23.5.20

Viveremos em Marte

Em quarentena, a noção de espaço muda, se é que o próprio espaço não mude. Vamos com calma: a noção de espaço muda. Acostumado a caminhar — às vezes sozinho, noutras com os amigos Marco Antonio e Fernando — dez quilômetros pelo Aterro, nesta época de confinamento, às 16h, vou do quarto ao banheiro, do banheiro, passando pela sala e pela cozinha, à área de serviço e, de lá, volto ao quarto e recomeço. É uma caminhada bem menor que aquela sob o sol, margeando, como disse Lévi-Strauss, segundo Caetano Veloso, a boca banguela da praia de Botafogo — ando dez minutos e não dez quilômetros. De manhã, tomo quinze minutos de sol.

Rotina. Rotina e disciplina. Resignação com um tempero de desobediência. Se o presindecente nos quer em vida normal, estar confinado é desobediência civil. Portanto desobedeço. Mas, neste instante, quero escrever sobre o confinamento, a política em nazi menor sustenido deixo um pouco de lado, na entrelinha, sob o tapete.

Se não me organizo, nem sei o que pode acontecer. Chutar o medo, descer à rua, dançar pela calçada, entrar no mercado apenas para ver o preço do óleo da soja colhida no oeste do oeste do Centro-Oeste? Seria lindo, não fosse estúpido. Fico em casa e, à distância, participo de reuniões de trabalho em plataformas impressionantes, mas incapazes de fazer da reunião uma reunião de fato. Quando vejo, em miniaturas, todos os colegas, deparo-me com pessoas pouco preocupadas em olhar o outro ou para o outro. Ao contratempo, a solução possível. O virtual é o novo aqui, um menos aqui que o aqui de sempre, pois falta-lhe sutileza.

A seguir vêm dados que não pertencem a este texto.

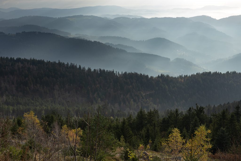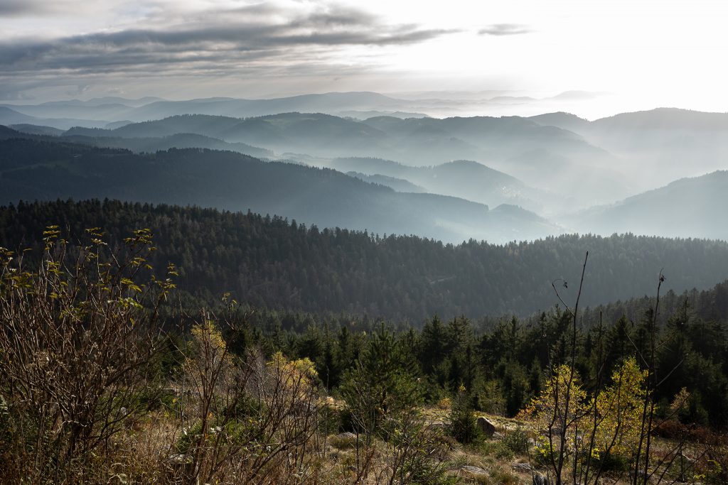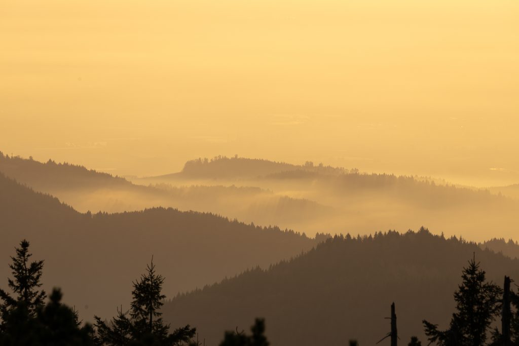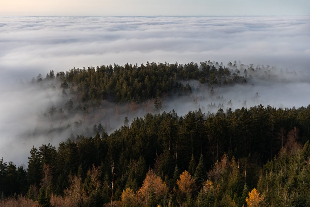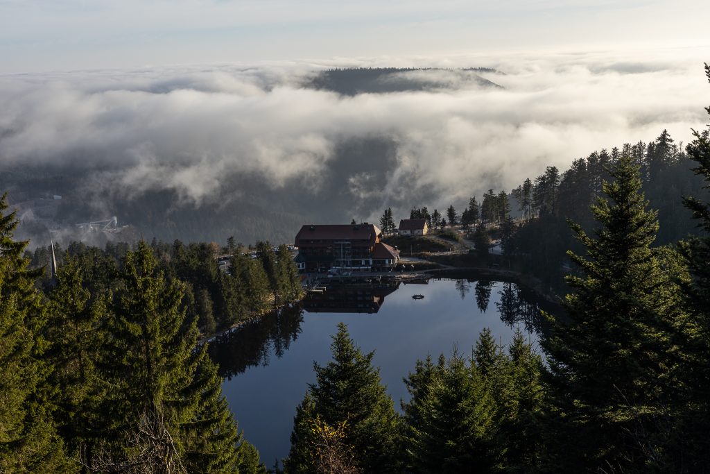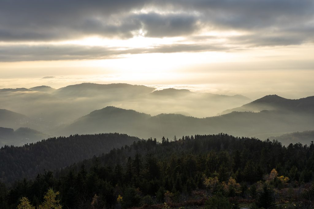 Beeindruckende stehende Nebelwelle am Massiv der Hornisgrinde.
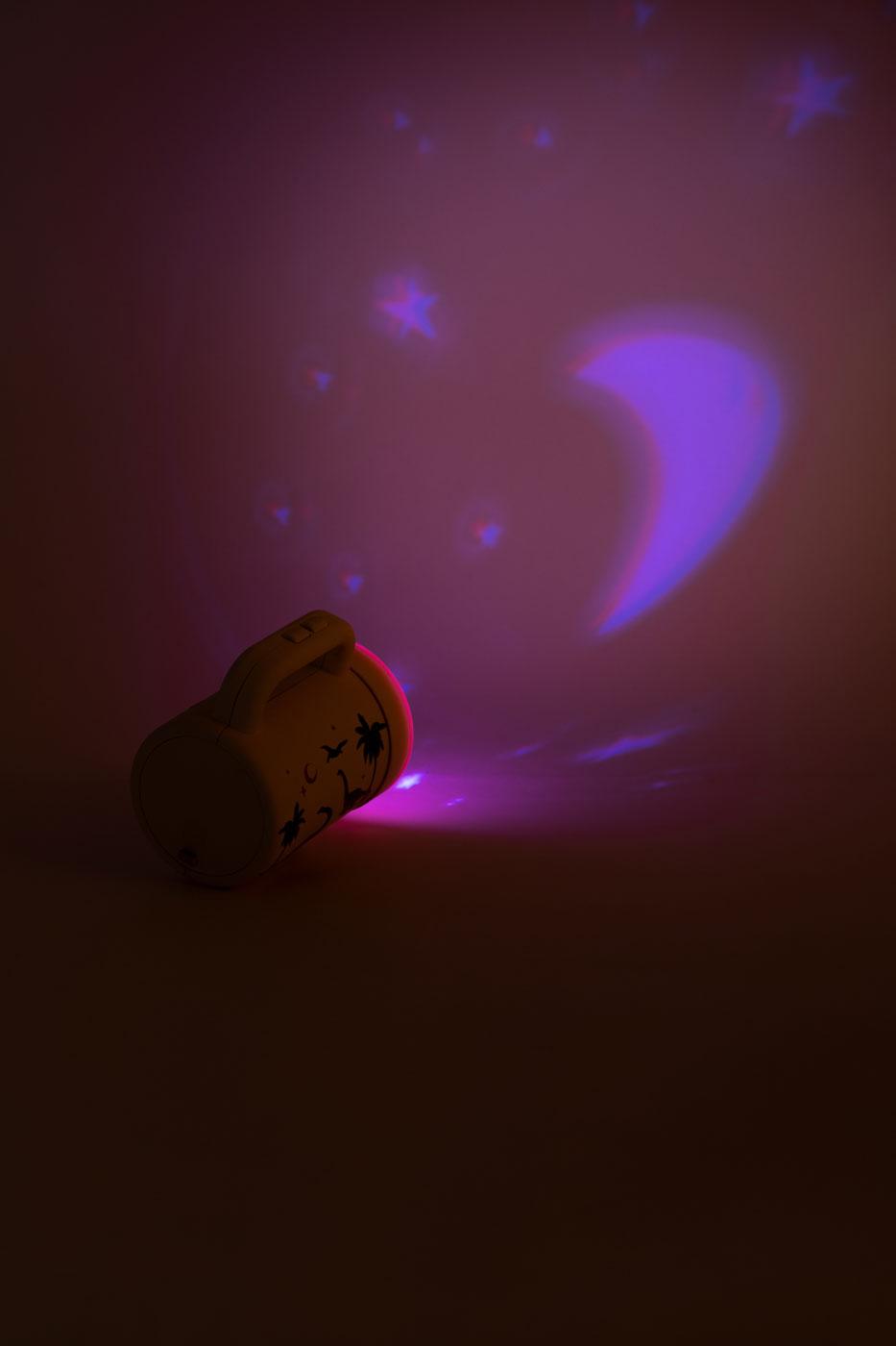 Velká svítilna pro děti, u které můžete měnit barvy světla. Má snímatelnou krytku s motivy hvězdiček a měsíce, díky níž můžete na zeď promítat tyto magické tvary. Svítilna má na rukojeti dvě tlačítka. Jedním ji zapnete / vypnete a mačkáním druhého měníte barvu světla. Skvělá hračka i praktická pomůcka. S USB dobíjením.

Estranho mundo. Criticávamos as redes sociais por nos darem a falsa sensação de proximidade, e agora é tudo que temos. Então, reescrevo a frase anterior: as redes sociais são a única forma de encontro. Me dê um emoticon ou um like e, de curtida em curtida, superemos a morte diária. De curtida em curtida, cantemos. De curtida em curtida, falemos daquele meme, daquele vídeo, daquele verso.

Depois que o espaço desmilinguiu-se e perdeu o sentido, construímos a vizinhança afetiva. Nela, o Whatsapp, o Facebook e o Instagran são as janelas abertas de onde bate-se papo com primos na Suíça, com a quase irmã na cidade natal, com um ex-colega de trabalho. Trocam-se receitas, poemas, chistes. Treta-se. Alguns vizinhos trocam de roupa sem se preocupar com o olhar curioso lançado de outra janela. Muitos, frágeis, desmoronam sem se preocupar com a própria vaidade. Por precisão, por sufocamento, escancaram-se as janelas e as portas. Os homens são ou estão ou parecem bons.

Sem querer quebrar o encanto, não continuaremos bons depois de tudo. Crucificamos Cristo, beijamos a mão de Torquemada, dizimamos autóctones em todos os hemisférios, passamos por inúmeras guerras, duas chamadas de mundiais, e, até hoje e diariamente, matamos crianças na Síria e nas favelas brasileiras. Então, me desculpem, sairemos os mesmos da quarentena, usando máscaras, é verdade e igualmente simbólico. E não apertando a mão dos amigos. E não beijando a torto e a direito. E temendo dar ao corpo o alimento do corpo alheio.


Retirado do site.


É possível salvar-se do pessimismo pensando que em breve viveremos em Marte, em breve não contaremos mais a idade em anos, mas em séculos: veja aquela criatura, um século e já está pensando em deixar a casa dos pais. Em breve, a inteligência artificial nos livrará do mal, amém. Fiquem tranquilos, eis a gota de otimismo, a espécie humana estará salva a despeito dos muitos que não têm resistido à atual ação ostensiva da morte.

Os dias são, mas não sabermos como são de fato. Esta crônica é, mas não sabemos quão crônica é. Eu, o último fio desse novelo, dessa novela, acordo e durmo varado de interrogações. Só me resta então, de minha janela pan-óptica, recitar, em tom de até logo, um verso meio de improviso e sarcástico até sob chuva de canivírus.

 

Se pedir o seu amor, meu amor,

manda-me-lô, criptografado

e higienizado em álcool em gel, safra 2020,

pela deep web,

mas não envie nudes, meu amor,

já me esqueci como ser happy.


2 comentários:

Unknown disse...

Ê beleza. Se superando, hein rapaz? Crônica num misto de angústia, humor e amor.
Ronaldo Guimarães

No Osso disse...

Fala, seu Ronaldo, obrigado pela passagem por aqui, por esta janela.